THE DATA:
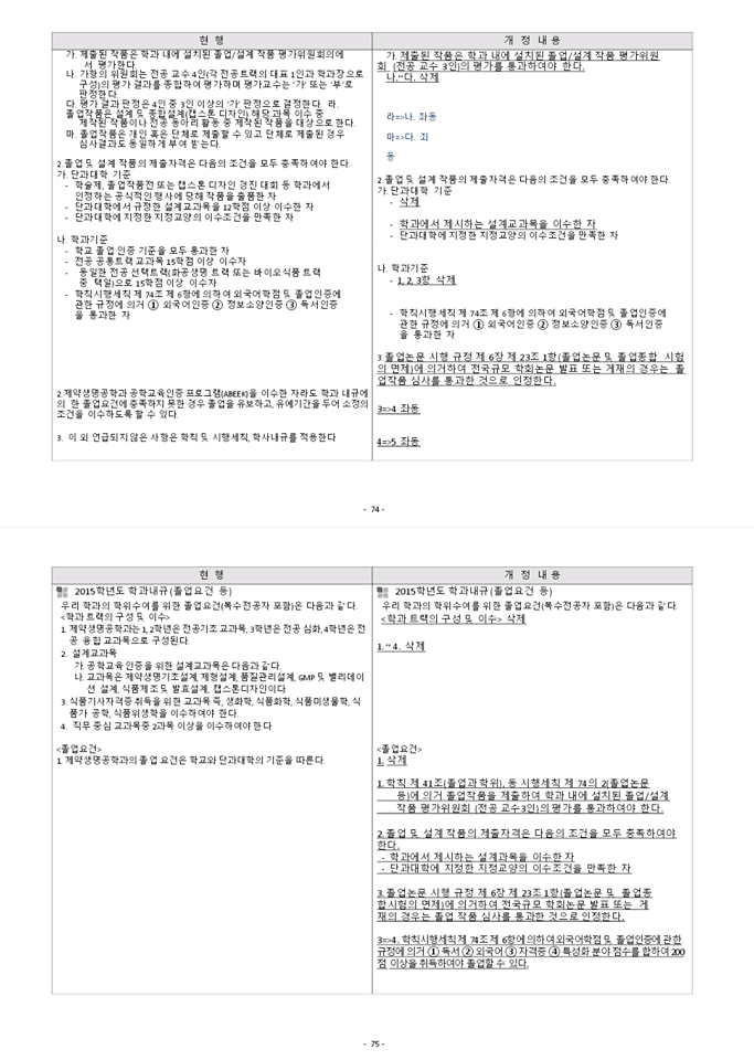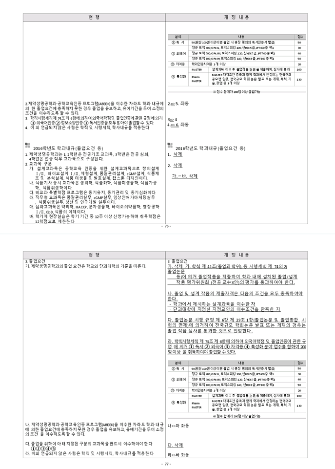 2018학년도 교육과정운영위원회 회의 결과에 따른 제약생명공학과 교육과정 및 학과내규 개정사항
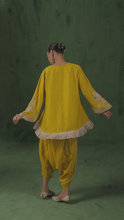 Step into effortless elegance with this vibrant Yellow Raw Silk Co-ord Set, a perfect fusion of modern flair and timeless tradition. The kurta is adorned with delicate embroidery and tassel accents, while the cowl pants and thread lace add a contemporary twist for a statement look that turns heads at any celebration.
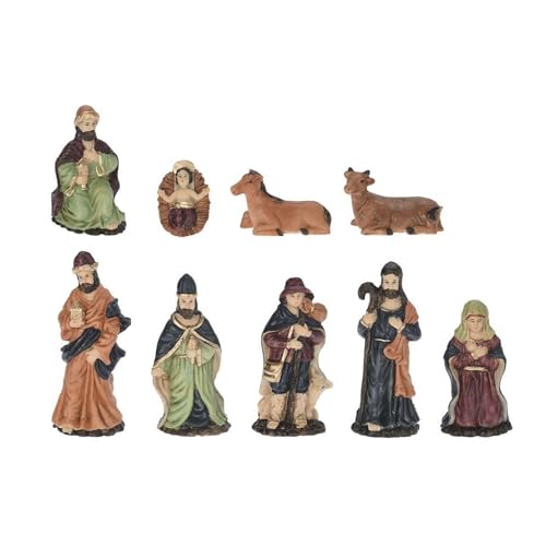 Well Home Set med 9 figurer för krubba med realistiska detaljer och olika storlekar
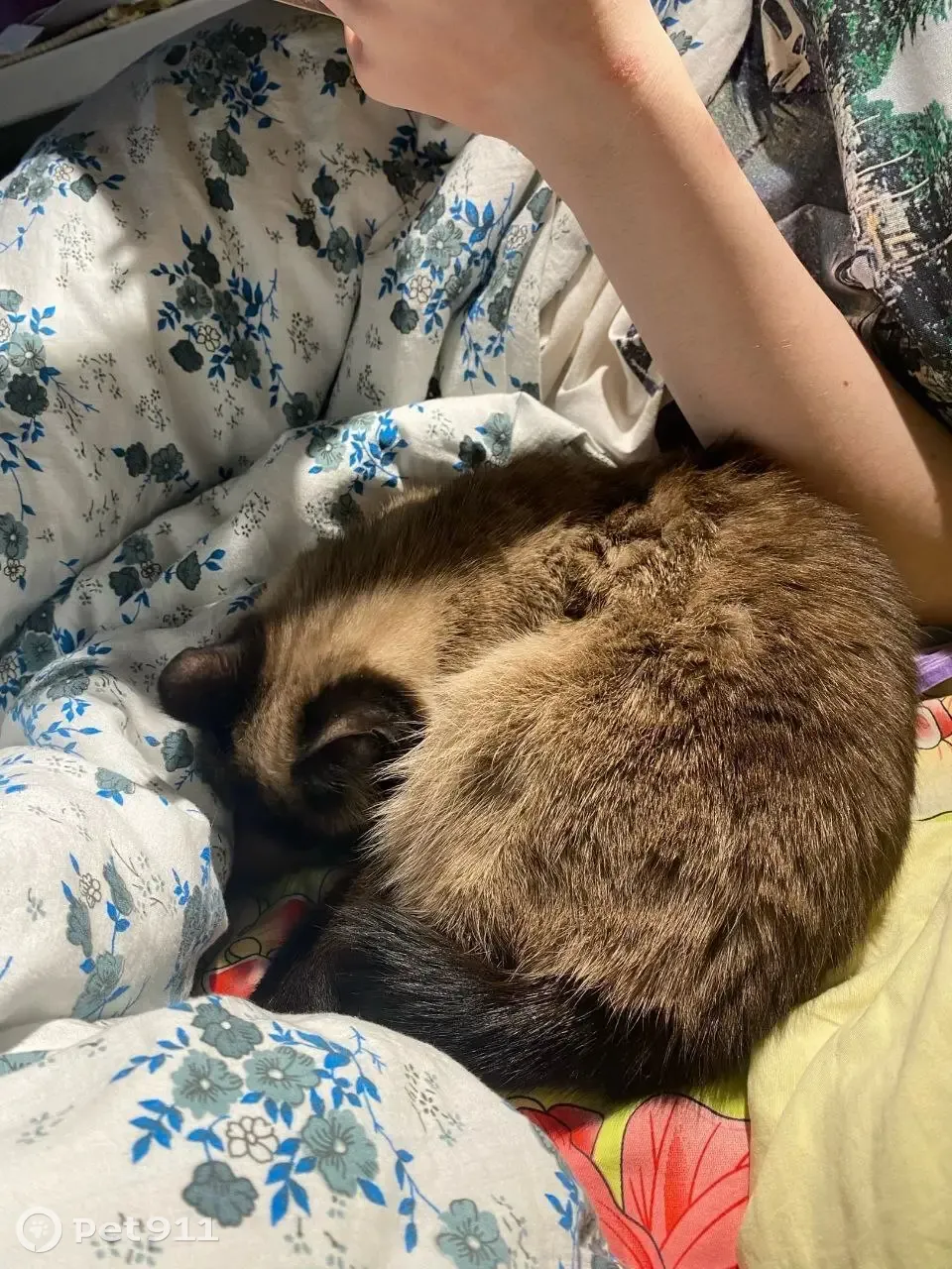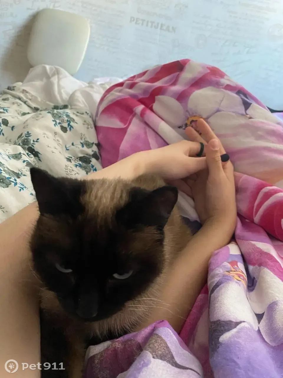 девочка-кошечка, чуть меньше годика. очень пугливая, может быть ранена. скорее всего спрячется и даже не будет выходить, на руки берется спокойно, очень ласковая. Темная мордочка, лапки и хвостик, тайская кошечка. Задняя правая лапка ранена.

WHAT THE TASK ASKS: Without including any pictures, copy every line above exactly.

RESPONSE:
 2018학년도 교육과정운영위원회 회의 결과에 따른 제약생명공학과 교육과정 및 학과내규 개정사항
 Step into effortless elegance with this vibrant Yellow Raw Silk Co-ord Set, a perfect fusion of modern flair and timeless tradition. The kurta is adorned with delicate embroidery and tassel accents, while the cowl pants and thread lace add a contemporary twist for a statement look that turns heads at any celebration.
 Well Home Set med 9 figurer för krubba med realistiska detaljer och olika storlekar
 девочка-кошечка, чуть меньше годика. очень пугливая, может быть ранена. скорее всего спрячется и даже не будет выходить, на руки берется спокойно, очень ласковая. Темная мордочка, лапки и хвостик, тайская кошечка. Задняя правая лапка ранена.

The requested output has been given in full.